Parenting has changed quite a bit in the last 30 or 40 years, and a lot of those changes could easily be attributed to the rising level of technology. Before the advent of the internet, there wasn’t a much public opinion about the ‘correct’ way to raise children, if there even is such a thing. Instead, parents would simply step back and let their children explore the relative safety of the world in ways that most parents today would instantly scoff. Parents are no longer comfortable letting their children ride bikes around town without some sort of adult supervision, and their positions are based entirely on fear. They fear something might happen to their child that could be considered traumatic, and that fear translates to overprotection.
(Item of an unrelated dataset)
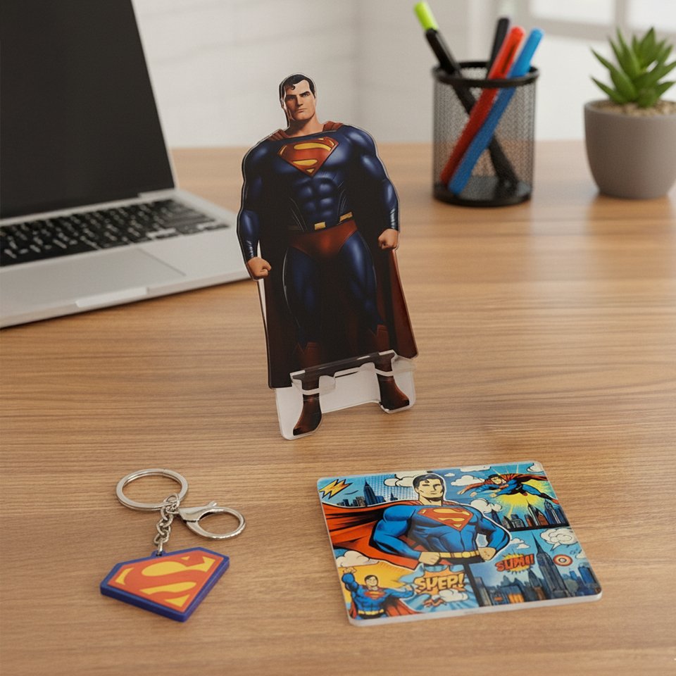 Add a heroic touch to your desk and everyday style with this Superman-themed set. Designed with vibrant details and durable acrylic materials, each piece brings bold comic energy and practical use. Perfect for fans, collectors, or as a unique gift that stands out.

You might have heard this buzz-phrase before, but what does it really mean? The idea is fairly simply: it describes the act of parenting while hovering over your children so they are constantly protected in a bubble of your attention. Parents that operate in this manner often don’t realize what sort of harm they are bestowing upon their children. By consistently protecting them from even the smallest dangers of the world while also doing everything for them, you’re doing nothing but raising them to be dependent on outside influence. This means that when your children are grown, they won’t know how to adequately deal with the pressures and pitfalls of life.
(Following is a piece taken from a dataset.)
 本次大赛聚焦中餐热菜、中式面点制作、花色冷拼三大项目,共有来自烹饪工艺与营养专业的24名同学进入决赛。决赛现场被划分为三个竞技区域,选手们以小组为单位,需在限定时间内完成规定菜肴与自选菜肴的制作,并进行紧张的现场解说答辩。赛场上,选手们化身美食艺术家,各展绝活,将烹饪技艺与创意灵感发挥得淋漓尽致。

Nearly an entire generation of American children are growing up under such parentage, and with the way parents view other parents in society through social media, many have fallen into the trap that forces them to believe helicopter parenting is the best parenting method. Any parents who aren’t totally involved in every aspect of their child’s lives must be subpar parents, according to the standards of society, but that isn’t true at all. In fact, research has shown that children need to be taught self-reliance and sufficiency as early as possible for optimal psychological growth.
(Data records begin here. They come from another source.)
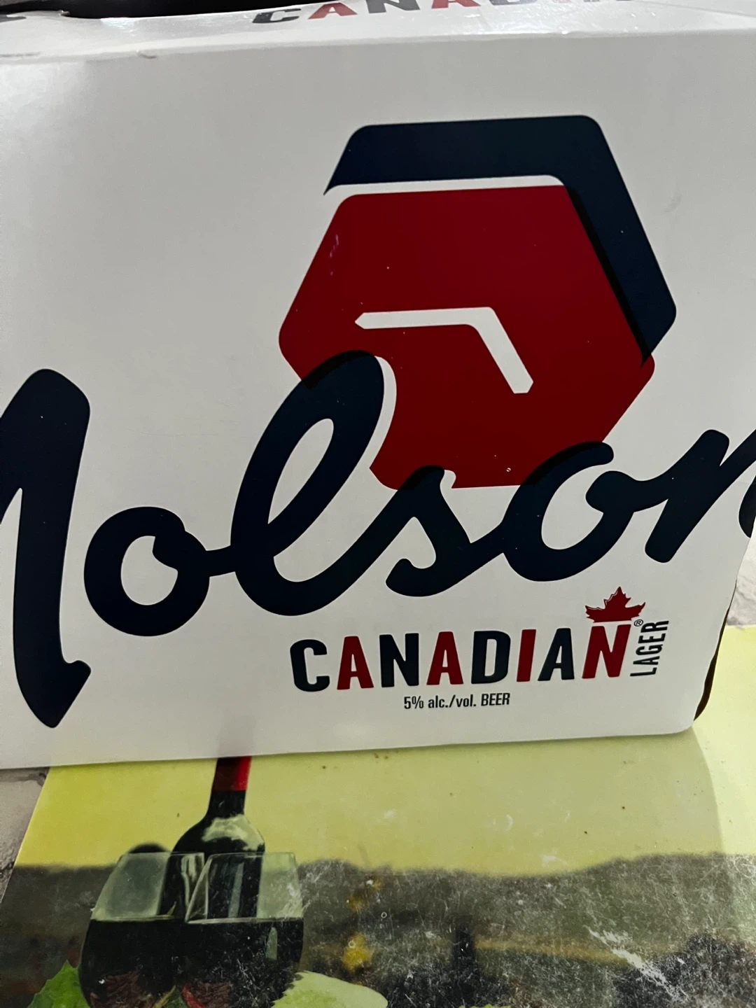 This is a case of 30 Molson Canadian Lager beer cans. Each can contains 355 ml of beer. The alcohol content is 5% by volume. It's a classic Canadian lager.
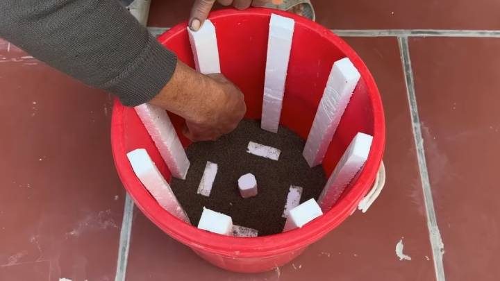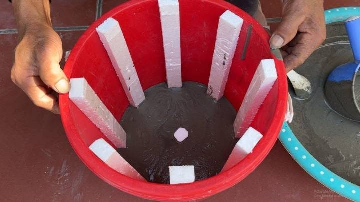 Бюджетная идея для участка из цемента, ведра и пенопласта
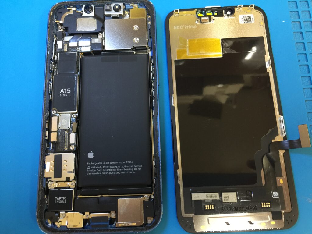 画面を仮付けして直ることを確認してから作業を進めて修理完了となります。

With all the perceived dangers in society, many parents have a hard time adapting to this sort of parenting style. Free-range parenting basically means that parents will raise their children without standing over them and making every single decision for them. As long as there isn’t any significant risk, parents allow their children to make many of their own choices. The idea was first envisioned in 1946 by Benjamin Spock, who wrote and published a book on the subject. He got the idea by viewing the most common parenting methods of the day and trying to look at them from the child’s point of view. How would certain parenting ideals affect the children before they are capable of expressing how it might affect them on a personal level?
The concept of free-range parenting has certainly been present in society for quite some time, yet many still find it to be an unacceptable form of parenting. A lot of that stigma comes from the fact that the generation championing helicopter parenting experienced a smaller version of it themselves, thereby implanting in their psyches that such a parenting style is the only way to protect your children while also showing society that you care for them. This might seem like a good thing, but it is quite selfish on the part of the parents. Free-range parenting focuses on what is best for the children, not what is best for the social standing of the parents.
One of the best ways to go about free-range parenting is to stop constantly protecting your children from sources of danger that aren’t entirely realistic. Knives are often considered much too dangerous for children to use, yet parents have no issue with letting them use forks and spoons. There are special knives that aren’t particularly sharp that would be perfect for introducing a toddler or young child to the tool. By showing your children from a young age that knives are nothing to be scared of when used properly, you’ll instill a sense of growth and freedom in your children.
By working with your young children to help them become comfortable around knives from a young age, you’ll teach them to more appropriately judge potential sources of danger. This will help them grow into well-adjusted and self-reliant adults.